China’s Economic Stumbles May Curb Global Inflation
July 5, 2022
Economic growth in China has moderated this year as the nation continues to close business and lock down regions to fight the spread of Covid. Beijing is set to enact a slew of economic stimulus policies, but many economists say the nation is unlikely to meet its 5.5% GDP growth target as long as the threat of continued lockdowns hangs over the economy.
While a year of weak growth in China would exacerbate the global economy’s slowdown, it could have the benefit of reducing inflationary pressure throughout much of the world.
Labor shortages, supply-chain disruptions, and a pandemic-related surge in demand for consumer goods have fueled intense inflation around the world, which has been exacerbated by the war in Ukraine. Facing higher prices and higher interest rates, consumer demand for goods has waned, and U.S. retailers are concerned that they have excess inventory that consumers no longer want.

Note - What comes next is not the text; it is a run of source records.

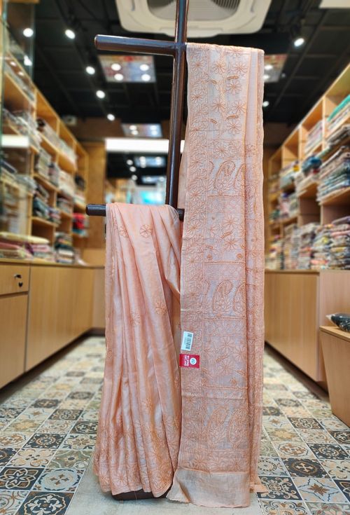 Peach Colour Chikankari Saree With Small Flower Motif In Body And Gorgeous Anchaal On Tussar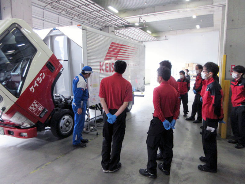入社間もないSPに対し、5Sをはじめとする社会人としてのマナーや安全に運転するための日常点検、運行上における注意点等ドライバーとしての基礎を内部講師によって研修し、従業員同士の親睦を深めると共にひとりひとりのレベルアップを目指します。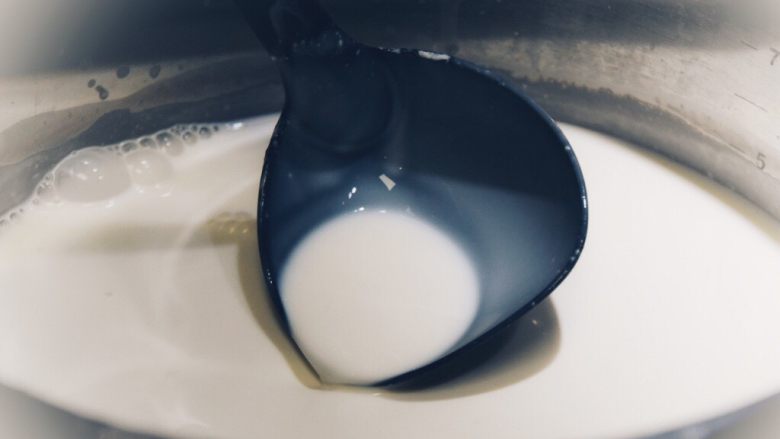 8. 观察勺壁,顺滑的乳制品会出现细小的如同豆渣一样的小颗粒。这样的状态就对了,不需要再加入白醋了。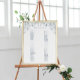 Gráfico de assentos organizado por nomes próprios. Folhas e flores delicadas e pequenas com texto e cor de fundo editáveis. Este layout mostra 50 nomes em cada coluna; escolha um tamanho menor para menos pessoas e edite o tamanho do texto no editor de cheios em um computador ou tablet.

Economists argue that sagging demand may spur Chinese manufacturers to cut prices, especially because they are similarly overstocked. Inventories of finished goods at Chinese companies were 20% higher in April than a year prior, the fastest annual increase in more than a decade. Producer price inflation for Chinese companies has declined for seven consecutive months, and the cost of shipping a container from China to the west coast of the U.S. is about 13% lower now than it was a year ago. All of this is likely to reduce inflationary pressure throughout the global economy.
On the other hand, China’s zero-tolerance approach to Covid could lead to more lockdowns which would create new bottlenecks in the supply chain and drive inflation higher. China’s stimulus efforts are also likely to include infrastructure projects, which could increase global commodity prices for industrial materials, and if China’s recovery exceeds expectations, it could bolster demand for oil and coal.
Many economists doubt that China will see a robust rebound in the wake of slowing foreign demand and weak domestic consumption, and an infrastructure splurge is unlikely to offset weakness in the nation’s massive real-estate market, where developers continue to struggle amid massive debt and low consumer sentiment.